Japanese diaper companies crack down on Chinese fakes

Japanese manufacturers of disposable diapers face a seemingly endless war against counterfeit baby nappies being sold in China, where trust for domestic baby products have faltered over safety concerns.

Daio Paper Corp, one of the leading diaper manufacturers in Japan, launched a crackdown on fake copies of its “Goo.n” disposable diapers in September after receiving complaints from consumers. Chinese authorities confiscated imitations of the Japan-made diapers and fined the illegal operators selling the pirated products.

But the diaper war doesn’t end there as demand continues to surge in China.

Fake diapers are almost indistinguishable from the real ones, down to the packaging and how the diapers look, officials at Daio said.

“They are elaborately made that at first viewers would never notice they are fake,” said Yasuro Tomatsuri, chief of Daio’s intellectual property section.

They are also being sold in China for twice their market prices at home. Fake Daio products fetch 155 to 185 yuan, nearly double their price in Japan.

Other Japanese diaper makers, such as Kao Corp and Unicharm Corp, have also fallen victim to counterfeit Chinese diapers.

Kao’s “Merries” diapers were reportedly shipped to China through unauthorized channels, The Asahi Shimbun reports.

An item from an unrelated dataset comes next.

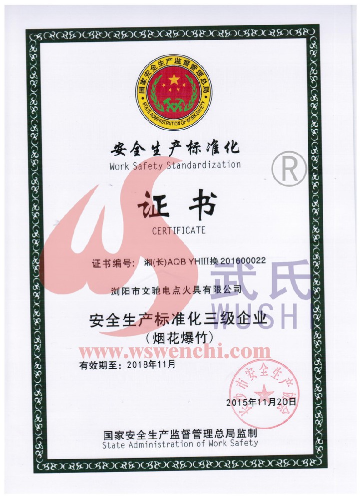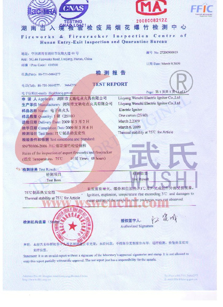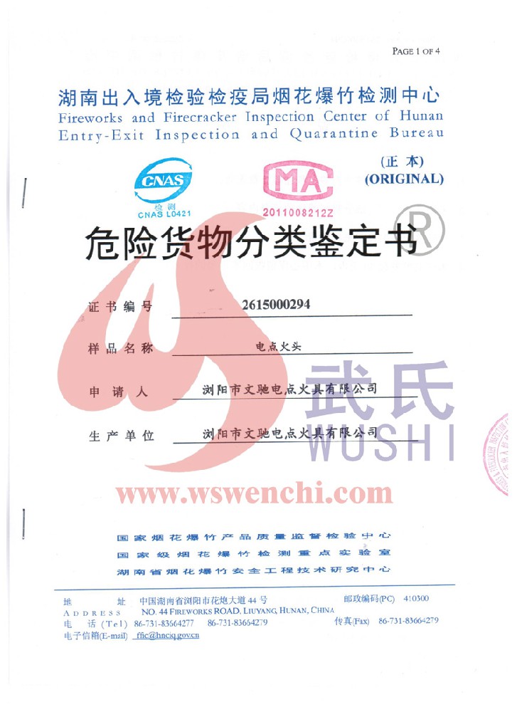 瀏陽市文馳電點火具有限公司(原培文電子點火器材廠),創(chuàng)建于1998年,是一家專業(yè)從事研制銷售電子點火產品的民營科技企業(yè),是我國第1枚煙花用電點火頭生產者,是《煙花爆竹電點火頭國標》牽頭起草單位。公司位于中國“煙花之鄉”湖南省瀏陽市,地理位置優(yōu)越,交通便利。    我公司研制的對象是用電能引燃火藥、做機械功等預定功能的一次性使用的元件或裝置,包括電點火頭(英文名ElectricMatch or Electric Igniter,中文俗稱“電火柴”或“電發(fā)火頭”)、電點火管和延期電點火管;我們估且在以后的產品技術欄中將我們研究的產品統稱為電點火具,將電點火器看成是用于提供和控制供給電點火元件點火的電能器材;我們研究的電點火橋路有橋絲式、無橋絲···

“We will not only investigate the fact of unauthorized shipments, but will also take strict measures if we find any imitation products in China,” a Kao official said.

Leading Japanese maker Unicharm, known for its “Moony” diapers, said it has anti-piracy task forces in Japan and China but imitation products are still found in the market.

“New ones keep popping up, no matter how many we may dig out,” a Unicharm representative said. “There is no end to this game.”

China is a rapidly growing market for diapers, which are considered a luxury. The Japan External Trade Organization has estimated the market size at 10.2 billion yuan (170 billion yen or $1.7 billion) in 2013, triple the size from five years ago.